What do you think about everyday notions of gender and everyday objects, how do you bring these things into your practice? There’s lots of gendered objects in the world and everything everywhere is gendered. It’s one of the most powerful structures in which we hold social systems and regulations of all sorts. And, you know, that’s something we all have to live within and navigate, but it also conditions a lot of our existence. Gendered objects and gender in society affects lots of people who don’t conform so easily, or it restricts expression through reinforcement of the gender binary or having... the other word I’m thinking of now… it forces people to… RESIST, yes resistance.

Resistance seems to be a common theme in your work. In the material you use, there’s a lot of tension and performative actions with literal physical resistance but then also there’s this overarching idea of queer resistance. I think of the idiom of respecting existence or expecting resistance; what are your thoughts on this? Yeah, no, I definitely agree with you and I think about existence a lot. I kind of retracted from saying that for a bit there because I felt like it was reducing my work’s bigger meaning, or it didn’t encompass the whole idea of embodiment I am wishing to convey in my work. However, I have come back to it recently, the whole idea of just existing, living, and how we exist within ourselves, and [...] within the world and how important, but also, how simulated that can be and how different it is for everybody. I think resistance is a big part of my work, it’s a necessity [that] just lives underneath all my ideas – that idea of resistance.

Top Left Untitled (cock cage) Lower Left Untitled (tampon soup) Right Untitled (dear gay diary)

Do you think that you would naturally perform this much if you were not an artist?
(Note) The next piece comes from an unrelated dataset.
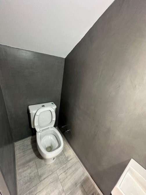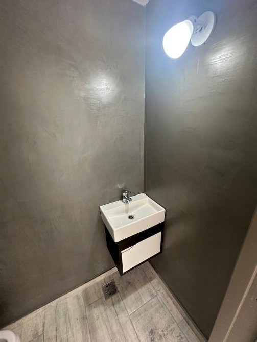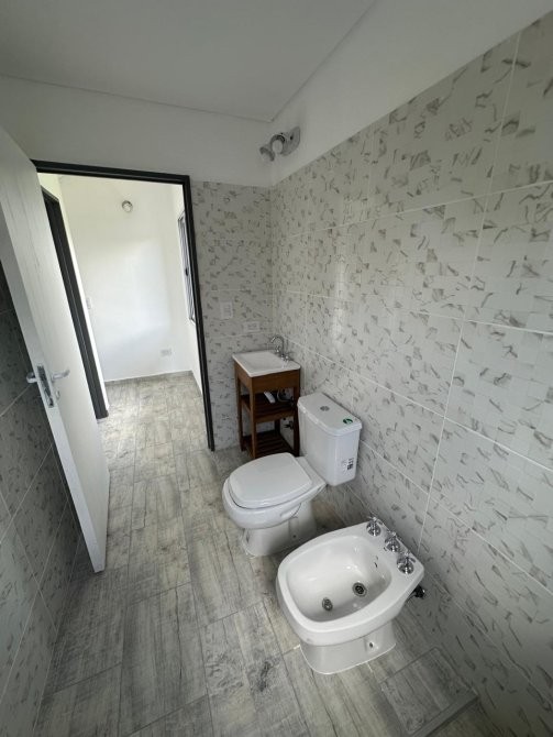 Toilete con vanitory colgante e inodoro. Revestimiento cerámico.

Do you think that we are all performance artists? I believe, to an extent, everyone is a performance artist. I think that everyone performs, one way or another. There’s always an element of performance. Gender performativity, for example, is that whole idea that we have to repeat something over and over again and ingrain it into our everyday life in order to present, or to create a sense of identity. I guess that goes into theories around gender performativity that Judith Butler has. How do you feel about translating theoretical ideas or ideas that we discuss at our school into a real tangible video on performance that a larger audience can understand? That is something I am questioning a lot lately. It is something that I think needs to be questioned a little bit more. I think I draw from my own experience, mostly, I draw from my own relationship to objects and material things and in performance and video I try to emulate how I feel about certain things through those notions of theory.
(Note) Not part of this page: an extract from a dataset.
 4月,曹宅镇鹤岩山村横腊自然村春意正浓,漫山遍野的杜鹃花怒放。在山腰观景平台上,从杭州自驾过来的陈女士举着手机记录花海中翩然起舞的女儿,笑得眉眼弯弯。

I find your work fairly accessible. For example, you have an excellent Instagram account and operate on the internet as a performance artist, and the theory runs underneath as if it is so paramount to your personal experience. Where can we find your work, to see how your ideas evolve? You can find bits and bobs on my Instagram, which is titled @untitledizzi. Oddly enough, that’s a bit funny. I just post all sorts of random bits and bobs on there. Sometimes it’s three pictures of myself in a row, just because I feel like it, and other times it’s colours, materials, shadows, objects, my friends. But there’s no sort of continuity within it, just kind of the existence. It’s a document of existence and art, [an] experiment that keeps on going. It all just encompasses my life and myself as a whole. There’s not really any detachment from anything I do. It all happens together in an ecosystem. ▪︎

GENDERED OBJECTS AND GENDER IN SOCIETY AFFECTS LOTS OF PEOPLE WHO DON’T CONFORM SO EASILY.